I’m still feeling a bit overwhelmed here. It’s so different here from where I spent the last six years. I was going to go to the Green City Market this morning, but I opted to run to the store and make the crisp instead, so I could do some more unpacking. I have an “event” this afternoon, and would rather be fresh for it, since I’ll be meeting some industry people. Plus, right now I keep having to dig up the cash to ride CTA, and I’d rather not have to juggle that and groceries. And I am NOT driving downtown and trying to find somewhere handy to park, either.
As of right now, I have walked to the store and back (about a mile each way), made coffee, made the crisp, washed the dishes and moved things around in the still overflowing with stuff dining room. I’ve brought some boxes of books into the living room to unpack and put away in the shelves here, and that gave me the space to move the bookcases for the dining room/office to the right space and to unstack some of the piles that had crushed-looking boxes on the bottom. But as of this moment, I haven’t actually unpacked anything today. Oh. That’s not true. I did open a box to get some clean underwear out before I took my shower. Does that count as unpacking?
Now, I’m waiting to hear from my friend Becca about how we’re getting to this event today and when we’re going, so I can figure out when to get ready. I haven’t yet found my iron, so I’m hoping that something I own isn’t horriffically crushed from a week stuffed in a box in a truck. In the meantime, speaking of boxes, I think I’ll unpack some more. It’s not like there aren’t plenty of others where those came from.

Finished II
Last week, after we’d loaded everything except some clothes, my potentially flammable art supplies, the cooking oils/vinegars and the cats into the truck and sent it off, I finally had some time to myself. Certainly acting is creating art, you’ll never hear me say otherwise about my first choice art form. But it’s not the same as making marks on stuff or building things. It’s so ephemeral. Once a performance is over, it lives on only in memories. And no one will ever share my particular perspective on a production, because I see it through the eyes of the person playing that character that day in that particular way.
Anyway, I’d been itching to do some art, and since I had my supplies—like spray paint—I made plans to take the time to do some creating in the days between packing up the truck and leaving for Chicago ourselves.
I also had these:

CDs Before
These are those CDs that I don’t want but don’t want to throw away. They come in the junk mail, they are my mistakes when saving something, they contain obsolete information. Whatever their original purpose, I no longer want their content. But you can’t just re-record stuff on most CDs. And I hate to throw them away because all they do then is sit in landfills and not decompose. So what to do?
Make coasters.
This was quick, dirty and easy. The longest step was the paint drying time.
1) Grab a box to keep spray paint off the porch and house.

Ready to Go
2) Figure out what colors I want for base coats and what colors I want for patterns.

First Set, First Coat
3) Go to town with spray paint and stencils.

Box After
4) Take the box apart and stick it in the recycling bin.
5) Take photos of the finished product and pat myself on the back for some pretty awesome coasters.
I discovered some interesting things about spray paint during this process. If I put several coats of one color on wet and then added a coat or two of another color, the paints did this interesting marbling. They also pebbled a bit because of the impermeable CD surface. Which is awesome. I like the textures. But those take a LOOOOONG time to dry.
I used several different kinds of spray paint. I had some small cans of Testors spray enamel in metallics. I’m pretty sure I used up the bronze in this process. I also have some Krylon H20. They work very differently, but they played nicely together. Though the Krylon doesn’t cover as well. It takes more coats than the Testors.
I also (re-)discovered that you don’t always get perfect. Out of 22 discs, 18 turned out gorgeous. Four, not so much. I’ll have to figure out what to do with these.
Rejects
Painting over them is obviously an option. Or I might cut them up and use them for ATC bases. I’ve done that before.

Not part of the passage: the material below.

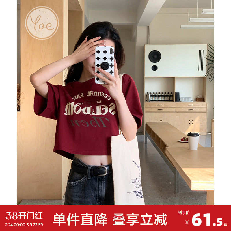 yoe短袖t恤女酒红色美式复古夏季新款小个子短款上衣宽松女装独特

Still and all, I got some nice, new, arty coasters to put on my soon to be moved in coffee table.

Finished II
Moving In Update
Aug 20
The furniture arrives today. I cannot WAIT to have something to sit on other than the floor. And a bed that’s not actually ON the floor. Seriously. We’ve spent the last three nights sleeping on an air mattress, and getting up in the morning involves getting up in the same way as sitting on the floor does right now. I’m getting tired of it.
I’m also looking forward to having knives. And cookware. And towels. God, how I miss dish towels right now. And glasses that hold a decent amount of water. I also miss the coffee grinder, the tea kettle and mugs. I’m looking forward to being able to make my own breakfasts again. And to making a fruit crisp. Which is the first thing I’m going to do once the kitchen’s unpacked. I’ve got the fruit all ready. Except for cutting it up, for which I need a knife.
I am also looking forward to having internet access on this laptop. For some reason, it is happy to talk to Dave’s portable WiFi, but not to mine. So when he’s not here, I have to use my other laptop, and it doesn’t have important things like photographs and PhotoShop.
I’m writing this on the big laptop, but since I can’t post it, you won’t see this until Dave has had a chance to troubleshoot, which means it will actually show up AFTER the furniture has arrived and we’ve done some unpacking. We’re hoping to make it to the Art Institute tonight, Dave needs to visit it for a collaboration he’s working on with a local composer, so unpacking and THAT have to happen before we play with WiFi.
In the meantime, I’m going to do some photo editing and maybe write a few more posts in Word so I can just cut and paste and upload photos for the next few entries. That and fret about how the HELL the movers are going to get the couch up to this floor and into the apartment. Thank goodness I don’t actually have to figure it out myself.
Oh. Here’s evidence that the cats are settling in.

Imogen’s Shelf
She found this spot all by herself. She’s sleeping there right now.

Primitive Conditions
See? Nothing to sit on but the floor. Katala seems to prefer it. She keeps lying down in the middle of the wide open spaces. Or sleeping in Dave’s suitcase. She’s not really demonstrating a preference for either.

Q’s Closet
Of course our little nervous cat is taking the longest to adjust. Though yesterday she discovered the windows and that’s made a big difference. We’ve had to barricade a section of kitchen, though, since she likes to hide next to the radiator in this inaccessible spot. Once she has furniture to hide behind, things will probably get better. In the meantime, she spends a lot of time in her closet.

Katala Comfort
And sometimes, even when you’re adjusting well, big changes require the occasional snuggle with someone you trust, for reassurance.
Added, 12:06am: Like now for instance. After getting stuck with a king-sized mattress halfway up the second flight of three flights of stairs, so that some friends (Heather, Chris and Sam, thank you all AGAIN for the help) had to get a zip car and drive across town to come help us, I’m feeling more traumatized than the cats. They’re fine. They recognize the smells from home and are having a ball climbing all over the many, MANY boxes in the dining room. Ah well, at least the bed is not only put together but made. I’m going to go fall into it now.